Understanding is self-consciousness and the realization of its independence from things other than it. It serves consciousness in a way that keeps it both separate from consciousness and the same with it. Thoughts that fill self-consciousness do so at the behest of consciousness, and they are taken to be the truth of all things outside of it. But, self-consciousness can only serve itself. It is the recognition of the self, since consciousness provides the means of self-recognition. However, there is a third element of the self that is a force against self-consciousness. That is the self of self-consciousness; the “questioner and the interrogator” of all things. It defines guilt, happiness, love, hate, and so on. It is the dividing force that separates consciousness from itself and leads it from the universal to the primitive; from everything that is external to the internal and the destructive.

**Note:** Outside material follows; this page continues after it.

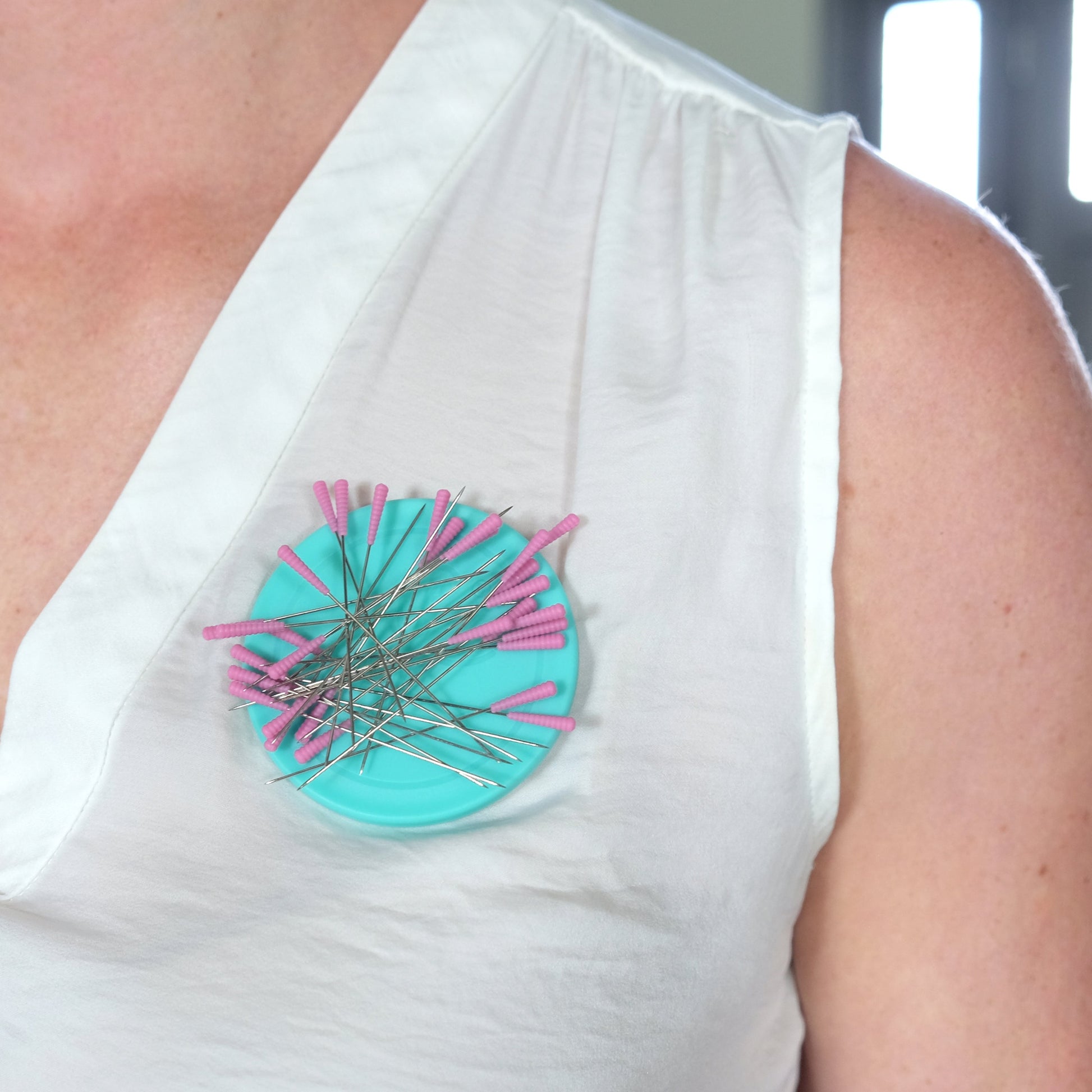 Simply slide it apart, snap it onto your shirt, and stick your pins on it.

The fear of death is what awakens self-consciousness to the world and holds it in place. It sets up perimeters and boundaries and leads self-consciousness into its otherness. It needs this otherness to have something to retreat from, thus it alienates itself in its belonging to the world. And the world alienates itself from consciousness so that it remains as an ‘over there’ rather than an ‘over here’. It must be an unchangeable world, a self-liberating world, in which self-consciousness finds refuge while simultaneously remaining separate from it.

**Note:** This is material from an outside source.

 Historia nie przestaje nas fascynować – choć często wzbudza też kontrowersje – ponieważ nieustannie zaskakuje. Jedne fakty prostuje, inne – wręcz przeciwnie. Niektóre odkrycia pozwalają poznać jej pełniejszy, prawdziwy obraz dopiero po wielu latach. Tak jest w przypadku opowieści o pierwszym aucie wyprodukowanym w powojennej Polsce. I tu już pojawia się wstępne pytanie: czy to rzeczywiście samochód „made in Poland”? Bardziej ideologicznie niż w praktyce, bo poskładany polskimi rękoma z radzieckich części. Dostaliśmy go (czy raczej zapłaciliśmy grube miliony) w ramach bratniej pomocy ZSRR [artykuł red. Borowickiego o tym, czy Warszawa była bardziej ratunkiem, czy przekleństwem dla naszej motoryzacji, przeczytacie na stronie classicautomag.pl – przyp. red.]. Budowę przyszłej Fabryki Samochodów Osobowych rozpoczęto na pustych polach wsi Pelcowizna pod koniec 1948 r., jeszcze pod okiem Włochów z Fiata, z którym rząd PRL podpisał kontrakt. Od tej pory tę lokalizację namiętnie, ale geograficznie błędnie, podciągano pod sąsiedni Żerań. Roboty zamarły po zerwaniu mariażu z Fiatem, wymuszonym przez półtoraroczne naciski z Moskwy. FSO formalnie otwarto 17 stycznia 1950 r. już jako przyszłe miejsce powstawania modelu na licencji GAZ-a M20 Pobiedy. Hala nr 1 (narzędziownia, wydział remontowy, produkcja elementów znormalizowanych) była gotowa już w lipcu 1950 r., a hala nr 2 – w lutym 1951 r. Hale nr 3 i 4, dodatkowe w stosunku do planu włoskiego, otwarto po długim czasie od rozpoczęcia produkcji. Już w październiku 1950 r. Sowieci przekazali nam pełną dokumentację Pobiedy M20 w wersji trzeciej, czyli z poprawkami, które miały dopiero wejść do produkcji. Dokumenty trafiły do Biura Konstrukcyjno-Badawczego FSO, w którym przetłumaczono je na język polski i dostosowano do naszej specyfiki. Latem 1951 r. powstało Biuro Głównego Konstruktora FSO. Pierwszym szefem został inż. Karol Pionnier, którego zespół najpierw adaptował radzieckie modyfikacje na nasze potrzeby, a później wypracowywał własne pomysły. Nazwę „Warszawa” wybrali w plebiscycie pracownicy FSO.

In its separation it denies its relationship with the world in which death is a part of. In its seeking refuge in the world, self-consciousness finds the otherness that defines itself, which it desires so that it can stay ‘other’ from the world. It duplicates itself. It does so in being both part of, and apart from, all things. Its essence is, thus, never complete and never true to itself. It must always search and find other essences, other objects which have within themselves a truth for consciousness, and an independent form that can be self-identified and overcome. A form which is always ‘there’ and other, while the self is always ‘here’ and belonging to its-self.